My reasons to run

by Sandra Brower


I ran the London Parks half marathon last year for three reasons. First, if I don’t have something to train for, I usually don’t make it a priority to keep fit. Second, keeping fit physically is a good way to keep fit mentally. Like many people, I’ve struggled with poor mental health in the past. I’m happy to say I’ve been well for a good few years now, and doing the half was both a way to celebrate that and to raise money for Lambeth and Southwark Mind, a charity that supports people who struggle with mental health. Third, and most importantly, I ran to mark a milestone. A half marathon is just over 21km, and I’d just entered the 21st year of marriage to my wonderful husband. One of the promises we made to each other all those years ago was to be there for each other ‘in sickness and in health’. He was, and running the half was one small way I could say ‘thank you’ – I dedicated the run to him.

It was also a chance to get back to London. Back to the vibrancy, the colour, the busyness, the noise, the faces, the food, and the familiar haunts. Each time I step off the train at Euston, it feels a bit like coming home. London’s the city that welcomed me as a foreigner over twenty years ago; the place where both my children were born (the first arrived the day after I received my citizenship!); and the place where I earned my PhD in theology.

I stumbled upon Lambeth and Southwark Mind when searching for charities that still had places for the event, and was so glad I did. During our ten years in London, we spent half of the time living in these two boroughs. Our first flat was in Lambeth (Brixton), our second was in Southwark (Denmark Hill), and our third flat – where I suffered my first serious bout of clinical depression – straddled both boroughs (Herne Hill). So it was good to give something back not only to a charity that supports people like me, but one located in part of London that I had known and loved.

The run itself was great. I wanted a time under 2:15, so was delighted with my time of just over 2:04. I couldn’t have done it without the help of LSM’s CEO, Ajay Khandelwal, who I met only about an hour before the race started. Having run many marathons before, the London Parks Half was a walk in the park for him (ok, literally a run, but…). I told him the time I was aiming for and he said he’d run with me and make sure I got it. His running was graceful and effortless, and the joy and pride he obviously takes in his work and the charity bubbled up and spilled over as continual encouragement along the way.

Recovery from poor mental health or mental illness is a journey, and sometimes a long one. I had a lot of Ajays on mine. With my theology hat on, sacred texts are always close at hand, and I can’t help but think of this one: ‘Therefore, since we are surrounded by such a great cloud of witnesses, let us throw off everything that hinders so easily entangles. And let us run with perseverance the race marked out for us’ (Hebrews 12:1). The visual imagery is a long race, the side-lines heaving with encouragers. Mine expressed theirs in a lot of different ways: patiently listening to the repetitive loop of my narrative and gently trying to disrupt it; visiting me in hospital; providing a stable environment for my kids in the times of acute crisis; providing support and companionship for my husband as he held things together; making food and sorting domestic stuff; offering manageable employment to ease me back in to work; helping me recognise and not be scared of a ‘normal’ bad day; challenging me to be my well self when I was better; and so many more ways.

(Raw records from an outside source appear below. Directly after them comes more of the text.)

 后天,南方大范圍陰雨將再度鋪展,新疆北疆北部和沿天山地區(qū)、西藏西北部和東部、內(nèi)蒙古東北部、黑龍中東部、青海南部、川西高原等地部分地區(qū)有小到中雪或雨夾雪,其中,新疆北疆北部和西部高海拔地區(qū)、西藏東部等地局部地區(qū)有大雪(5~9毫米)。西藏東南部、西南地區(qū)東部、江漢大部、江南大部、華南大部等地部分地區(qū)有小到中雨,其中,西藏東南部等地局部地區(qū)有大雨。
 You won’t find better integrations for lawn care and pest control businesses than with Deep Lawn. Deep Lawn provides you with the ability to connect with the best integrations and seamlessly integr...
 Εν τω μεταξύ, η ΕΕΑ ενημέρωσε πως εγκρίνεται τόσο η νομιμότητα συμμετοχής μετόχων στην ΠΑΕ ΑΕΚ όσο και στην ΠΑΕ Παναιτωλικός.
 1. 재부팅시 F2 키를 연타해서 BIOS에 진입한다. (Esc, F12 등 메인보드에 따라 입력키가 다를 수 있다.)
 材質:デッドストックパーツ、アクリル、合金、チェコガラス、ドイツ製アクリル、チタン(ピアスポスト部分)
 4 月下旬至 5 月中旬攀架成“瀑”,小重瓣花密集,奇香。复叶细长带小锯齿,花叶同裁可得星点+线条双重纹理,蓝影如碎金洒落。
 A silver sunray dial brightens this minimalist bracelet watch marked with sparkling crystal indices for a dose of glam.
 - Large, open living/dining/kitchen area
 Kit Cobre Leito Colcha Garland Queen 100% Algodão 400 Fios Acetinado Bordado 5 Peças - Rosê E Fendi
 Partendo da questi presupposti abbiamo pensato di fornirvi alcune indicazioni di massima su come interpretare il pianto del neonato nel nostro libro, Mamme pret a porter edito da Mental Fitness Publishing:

In addition to my time, I was thrilled to raise over £1500 for LSM. Many of my encouragers who’d helped me on my journey to wellness knew what this race symbolised for me, and generously marked the occasion by donating to the cause. One thing my faith has taught me is that all things can work together for good. Of course I wish that I had never suffered from mental illness, and I wouldn’t wish it on my worst enemy. And I’ll never believe there was any intrinsic good in it. But now, having passed the metaphorical finish line, my place on the side-lines is a significant one. As I ‘cheer’ others along, I really know what it means to have run the race. And being in a unique place to help others finish it, is a good thing indeed.